Should the 2005 Comprehensive Peace Agreement (CPA) that ended the long-running north-south civil war in Sudan collapse, a humanitarian catastrophe could ensue, Secretary-General Ban Ki-moon said today, calling on the international community to remain focused on ensuring its implementation.
In his latest report to the Security Council on Sudan, Mr. Ban wrote that the expulsion of international non-governmental organizations (NGOs) from the country and the closure of three national groups, following the issuance of an arrest warrant for Sudanese President Omar Al-Bashir for war crimes, could result in a further deterioration of the humanitarian situation.
The United Nations will work with the Sudanese Government to bridge gaps, “but available capacity for immediate alternatives are limited given the sheer size of what has been the world’s largest humanitarian programme,” he said.
This echoes a report on the deployment of the hybrid UN-African Union (AU) peacekeeping mission in the war-torn Darfur region, made public yesterday, in which he characterized the NGOs’ ejection as an “extremely negative” development.
The Secretary-General called on the Government to reconsider its decision, stressing that “anti-NGO rhetoric threatens not only the security of [the expelled organizations] and the humanitarian community that remains in the Sudan, but also the continued delivery of vitally-needed humanitarian services and human rights activities.”
The vacuum left by the ejection of the aid agencies has left large areas of the Three Areas of Abyei and eastern Sudan with little humanitarian, recovery or reintegration support, the report pointed out, warning that this could hurt peace efforts.
The key benchmarks of the CPA – which ended the conflict in which at least 2 million people were killed and some 4.5 million more driven from their homes – include census results, border demarcation, and referendum preparations.
In his report, Mr.

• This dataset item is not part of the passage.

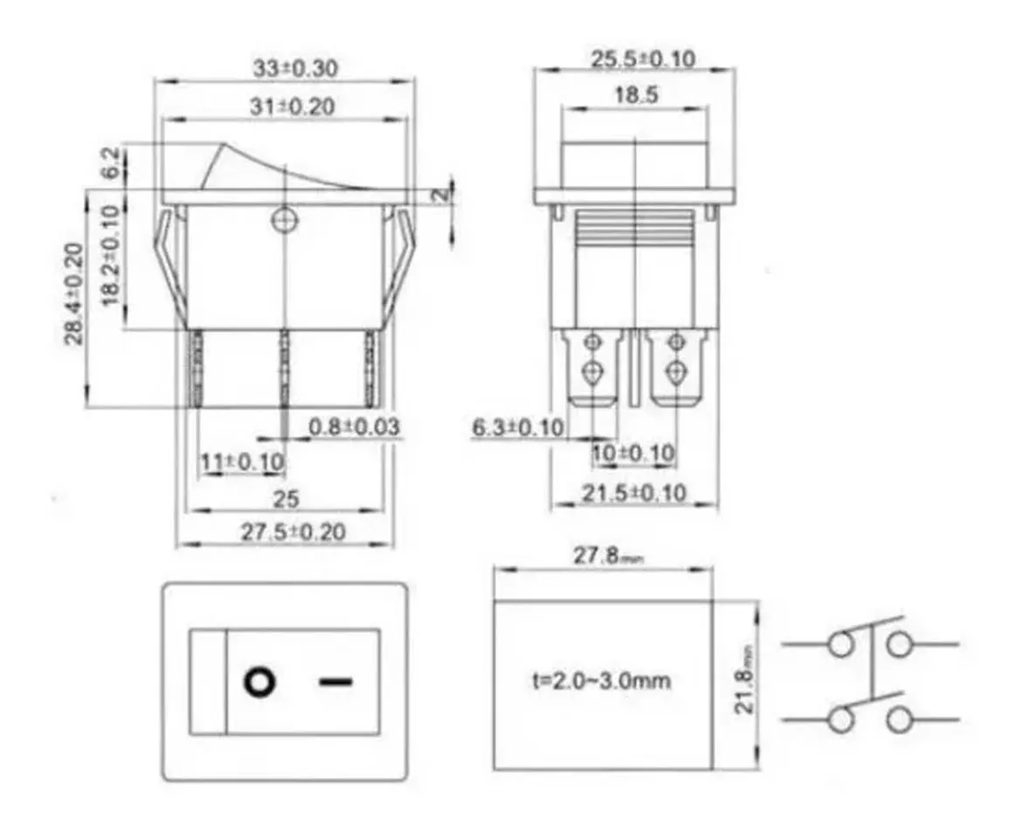 - Configuración: DPDT (2 Polos, 2 Tiros, 2 Posiciones)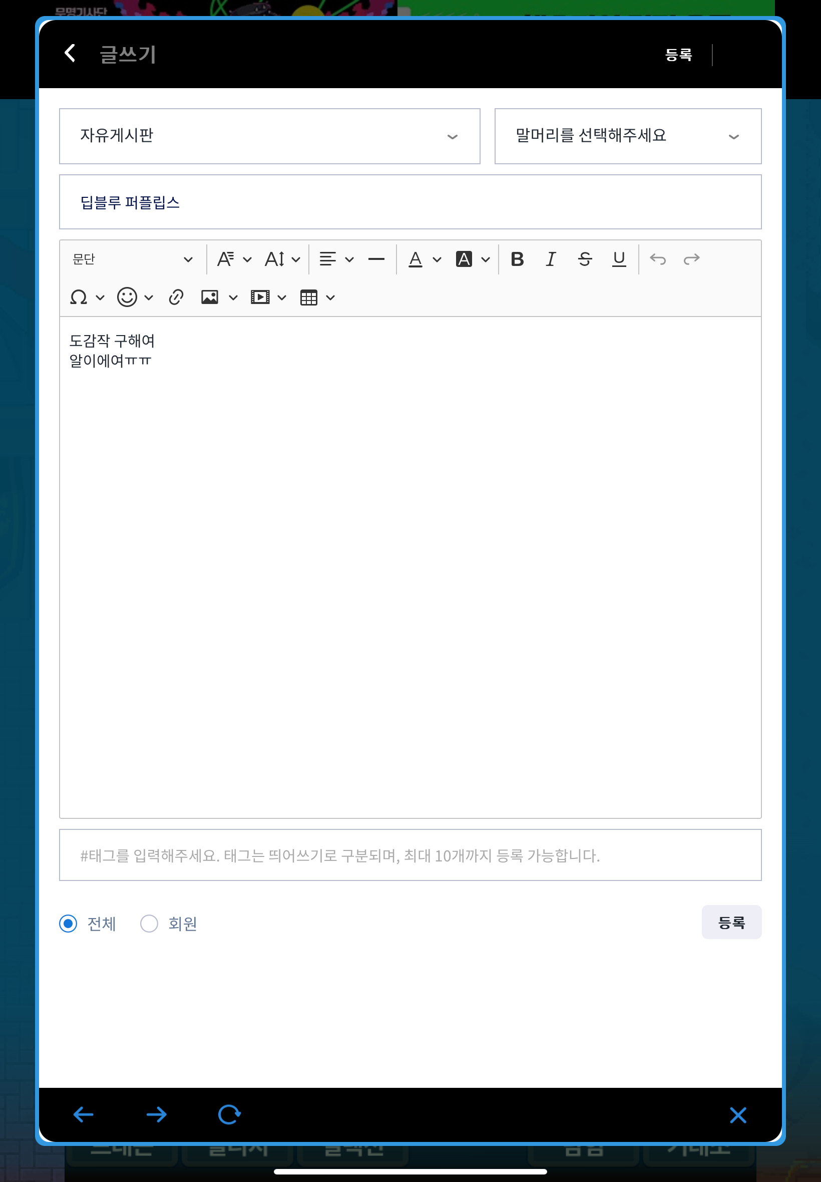 자유게시판 끌올 나는초보 2024-04-22 04:03 82 0 공유 공유 URL 복사 페이스북 왓츠앱 카카오톡 라인 레딧 닫기 공유 0 1 댓글 0 삭제 이미지첨부 0/3000 등록

Ban said that he is encouraged by strides made in the disarmament, demobilization and reintegration programme and also by the parties’ cooperation on the issue.
The initiative could spur confidence and progress towards putting the CPA into place, he said, urging donors to continue funding the scheme.
The Secretary-General welcomed the announcement of an electoral timeline, pledging the UN’s assistance in helping the National Elections Commission to organize and hold free, fair and peaceful polls, a key element of the CPA.
He also repeated the world body’s commitment to help the parties hold referendums in 2011 in Southern Sudan and the disputed town of Abyei, which lies in an oil-rich area close to the boundary between the country’s north and south.
“This goal must remain a priority for the parties regardless of other developments, and I restate my call on them to put in place the necessary legal and institutional frameworks for the vote and post-referendum stability,” Mr. Ban said.
The Secretary-General recommended that the Council extend the mandate of the UN Mission in Sudan (UNMIS) for a further 12 months, until 30 April 2010.